Bangladesh IMO TST 1: 2011/ NT-2 (P 3)

[Moon]

Problem 3:
$N$ is a $5$ digit number, of which the first and the last digits are nonzero. $N$ is a palindromic product if

• $N$ is a palindrome (it reads the same way from the left to right or right to left such as $12321$).
• $N$ is a product of two positive integers, of which the first, when read from left to right, is equal to the second, when read from right to left. For example, $20502$ is a palindromic product, since $102\cdot 201=20502$ and $20502$ itself is a palindrome.

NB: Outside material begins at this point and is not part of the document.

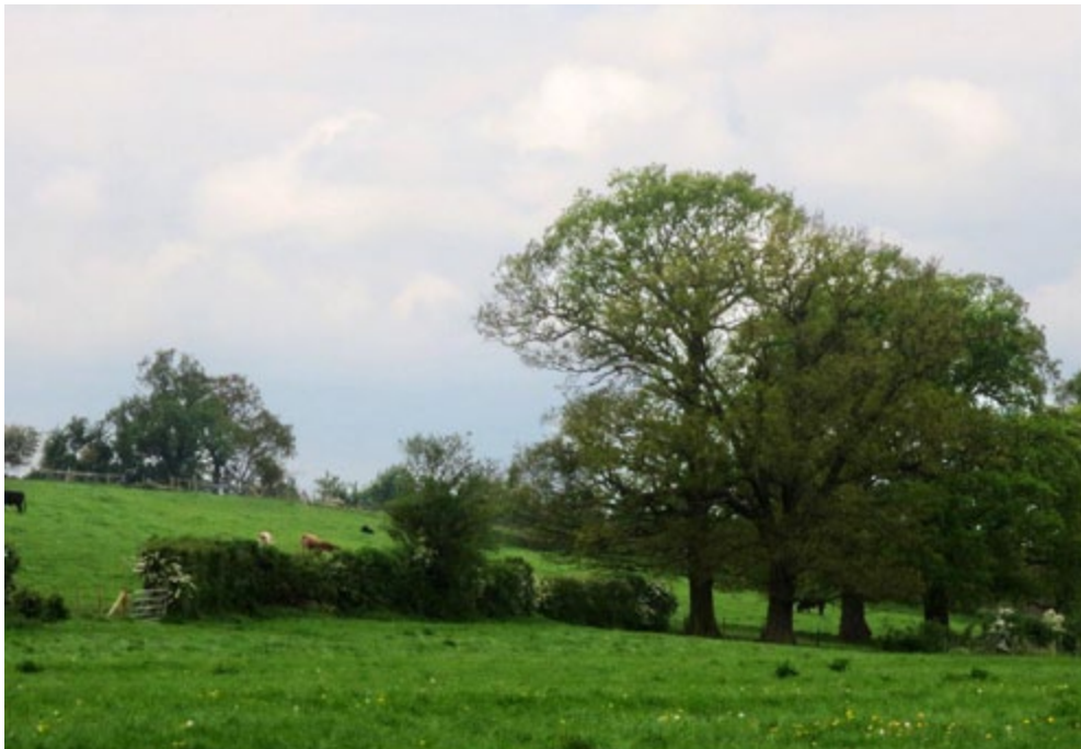
A line of field trees follows the line of a former hedgerow.

The Thames Basin Lowlands NCA provides a wide range of benefits to society. Each is derived from the attributes and processes (both natural and cultural features) within the area. These benefits are known collectively as 'ecosystem services'. The predominant services are summarised below (under the constituent headings) Further information on ecosystem services provided in the Thames Basin Lowlands NCA is contained in the 'Analysis' section of this document.

Determine all palindromic products with $5$ digits.

[Masum]

Let the $5$-digit number be $10^4a+10^3b+10^2c+10b+a=(100d+10e+f)(100f+10e+d)$
$\Longrightarrow 1010b+100c=10001(df-a)+1010e(d+f)+100(f^2+d^2+e^2)$
Note that the equation is symmetric over $d,f$.So it is enough to take only the pairs $(d,f)$ or $(f,d)$.
Now $a\ge df$ or $a<df$ whatever,the side in which $10001.|df-a|$ exists,will be larger.So $a=df$,and the equation is reduced to $101(b-ed-ef)=10(f^2+e^2+d^2-c)$ which implies that $10| |b-e(d+f)|\le 9<10$.Then $b=e(d+f),c=d^2+f^2+e^2\le 9$.Because none of $d,f$ is $0$,so $e,f,d< 3$.Let's deal with the cases.
$e=0$.In this case we have from the last equation,$10|b$ or $b=0$.Also $f^2+d^2=c\le 9\Longrightarrow f=d=2,f=1,d=2,f=d=1.$.We get solutions $102,101,202$
Now see when $e=1$.We shall avoid the solutions we have already found.Then,$f^2+d^2\le 8$ and we get $f=d=1,f=1,d=2,f=d=2$.Therefore the solutions we get are $111,112,212$
See what if $e=2.$Then $f^2+d^2\le 5$,we conclude that $f=1,d=2$ and the solution found is $122$

So all such $Palindromic\ Products$ are $20502,10201,40804,12321,23632,44944,26962$.